US 12,072,953 B2
	Asymmetric allocation of SRAM and data layout for efficient matrix-matrix multiplication
Gaurav Chadha, San Francisco, CA (US); Sam Idicula, Santa Clara, CA (US); Sandeep Agrawal, San Jose, CA (US); and Nipun Agarwal, Saratoga, CA (US)
Assigned to ORACLE INTERNATIONAL CORPORATION, Redwood Shores, CA (US)
Filed by Oracle International Corporation, Redwood Shores, CA (US)
Filed on Jun. 16, 2021, as Appl. No. 17/349,817.
Application 17/349,817 is a continuation of application No. 15/716,225, filed on Sep. 26, 2017, granted, now 11,138,291.
Prior Publication US 2021/0312014 A1, Oct. 7, 2021
This patent is subject to a terminal disclaimer.
Int. Cl. G06F 17/16 (2006.01); G06F 7/523 (2006.01); G06F 17/12 (2006.01)

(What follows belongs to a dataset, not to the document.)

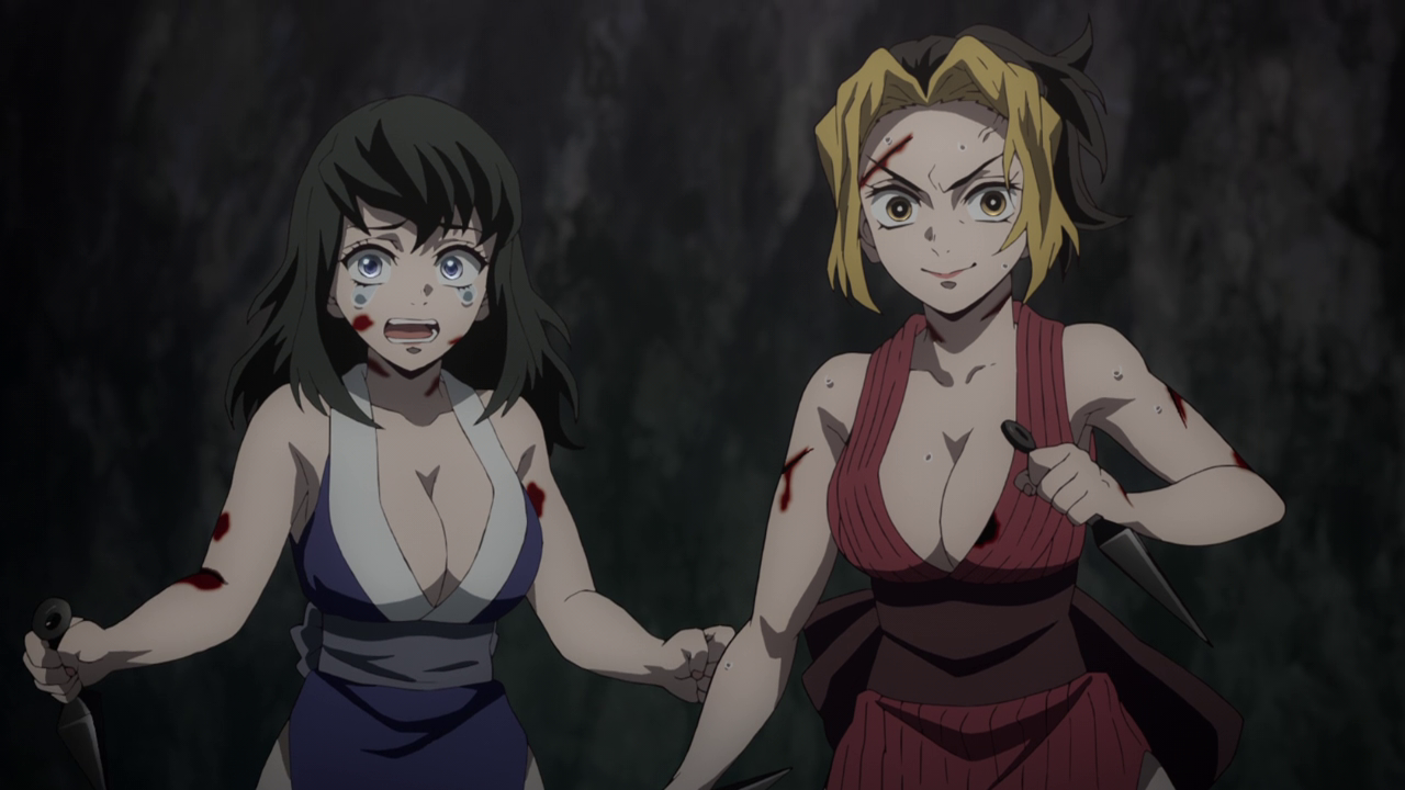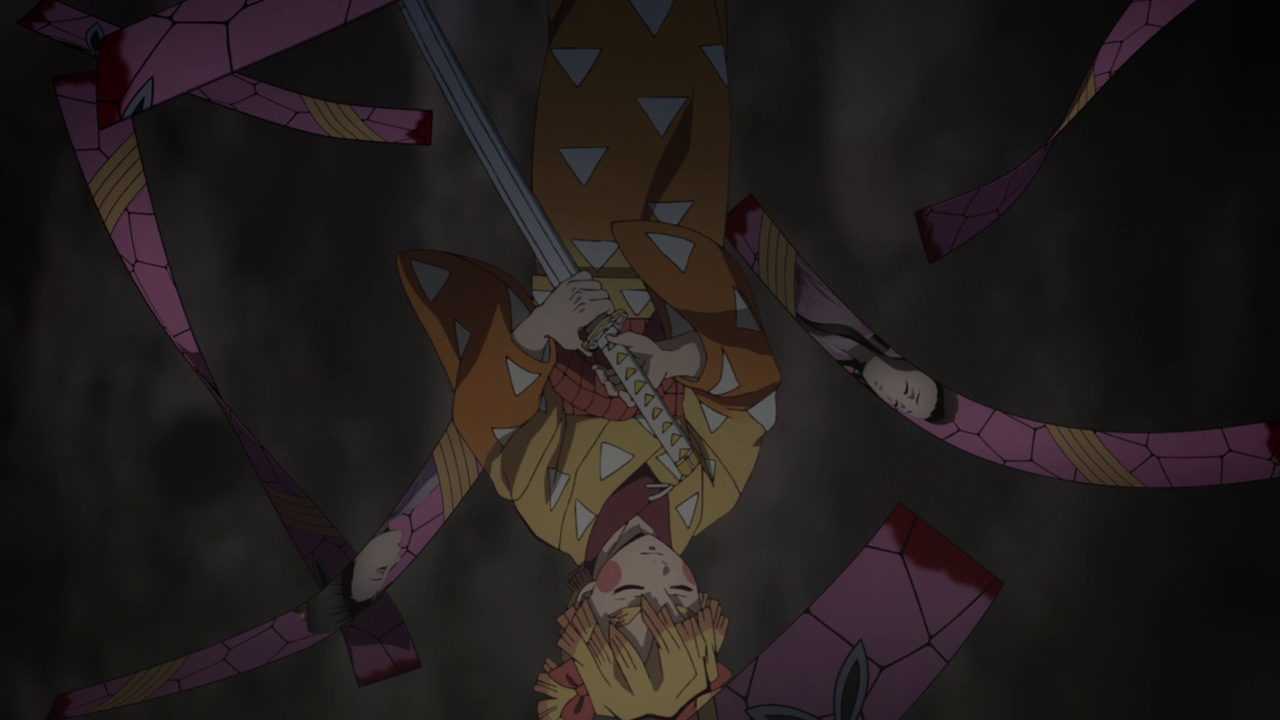 Tanjiro has honestly come a long way where he is able to hold off Daki on his own. While I don’t think he’s ready to the point where he can beat an upper ranked demon, the fact that he’s holding his own for as long as he is is still an impressive feat. Back in season 1, he could barely fend off Rui. I do hope that he doesn’t end up killing Daki himself since I feel like he would have made too much progress. Not to mention I would love seeing him fight alongside Tengen. Since we were robbed of any chance of him fighting side by side with Rengoku.

CPC G06F 17/16 (2013.01) [G06F 7/523 (2013.01); G06F 17/12 (2013.01)]

12 Claims

1. A method comprising:

storing in main memory at least a portion of a left matrix A and a right matrix B, wherein matrix A has m rows and n columns, and matrix B has n rows and p columns;

wherein said main memory is coupled to a multi-core processor comprising a plurality of core processors and a plurality of scratchpad memories, wherein each scratchpad memory of said plurality of scratch memories is accessible and private to one respective core processor of said plurality of core processors, wherein said plurality of scratchpad memories include a particular scratchpad memory that accessible and private to a particular core processor of said plurality of core processors;

allocating at least space of size T in the particular scratchpad memory to each of a tile of matrix A and a tile of matrix C,

after allocating at least space of size T in the particular scratchpad memory to each of a tile of matrix A and a tile of matrix C, allocating remaining space in the particular scratchpad memory to a tile of matrix B;

said particular core processor performing a dot product matrix multiplication involving said one or more tiles of matrix A and corresponding said one or more tiles of matrix B, wherein dot product values are stored in corresponding said one or more tiles of matrix C, wherein performing said dot product matrix multiplication includes accessing, in said particular scratchpad memory:

said one or more tiles of matrix A,

corresponding said one or more tiles of matrix B, and

corresponding said one or more tiles of matrix C to store said dot product values;

writing out the dot product values into main memory.